Author(s) at UniBasel Paris, Daniel Henry
Tschopp, Rea
Year 2023
Title Myalgic encephalomyelitis/chronic fatigue syndrome (ME/CFS): a preliminary survey among patients in Switzerland
Journal Heliyon
Volume 9
Number 5
Pages / Article-Number e15595
Abstract Myalgic Encephalomyelitis/Chronic Fatigue Syndrome (ME/CFS) is a multi-factorial systemic chronic debilitating disease of poorly understood etiology and limited systematic evidence. The questionnaire and interview-based survey included 169 ME/CFS patients from the Swiss ME/CFS association. The majority of patients were females (72.2%), single (55.7%) and without children (62.5%). Only one third were working (full/part-time). The mean onset of ME/CFS was 31.6 years of age with 15% of patients being symptomatic before their 18th birthday.

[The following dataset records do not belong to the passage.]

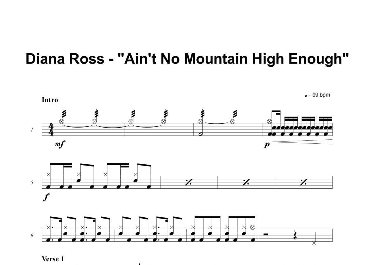 Diana Ross《Ain't No Mountain High Enough》架子鼓谱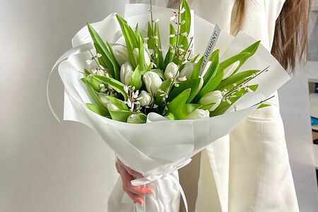 Букет из 25 белых тюльпанов с генистой в белой упаковке доставка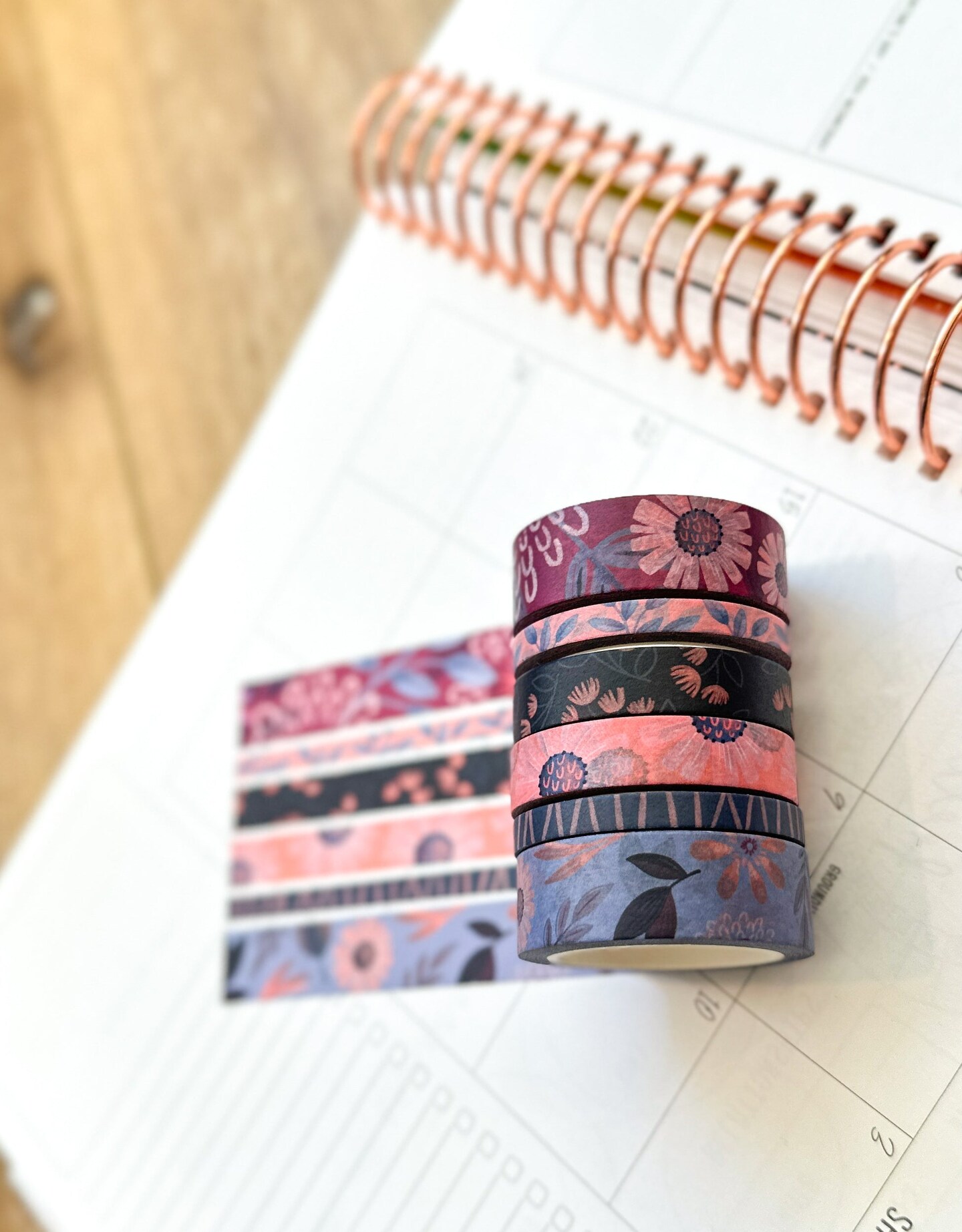 Periwinkle Pink Navy Coral Floral Modern Flowers Washi Tape Set February 2024 - W101

In this cohort, patients had documented ME/CFS for a mean 13.7 years, whereby half (50.3%) stated their condition was progressively worsening. Triggering events and times of disease onset were recalled by 90% of the participants. An infectious disease was associated with a singular or part of multiple events by 72.9% and 80.6%, respectively. Prior to disease onset, a third of the patients reported respiratory infections; followed by gastro-intestinal infections (15.4%) and tick-borne diseases (16.2%). Viral infections were recalled by 77.8% of the respondents, with Epstein Barr Virus being the most commonly reported agent. Patients self-reported an average number of 13 different symptoms, all described specific triggers of symptoms exacerbation and 82.2% suffered from co-morbidities. This study collated clinically relevant information on ME/CFS patients in Switzerland, highlighting the extent of disease severity, the associated factors negatively affecting daily life activities and work status as well as potential socio-economic impact.
ISSN/ISBN 2405-8440 (Print)2405-8440 (Electronic)2405-8440 (Linking)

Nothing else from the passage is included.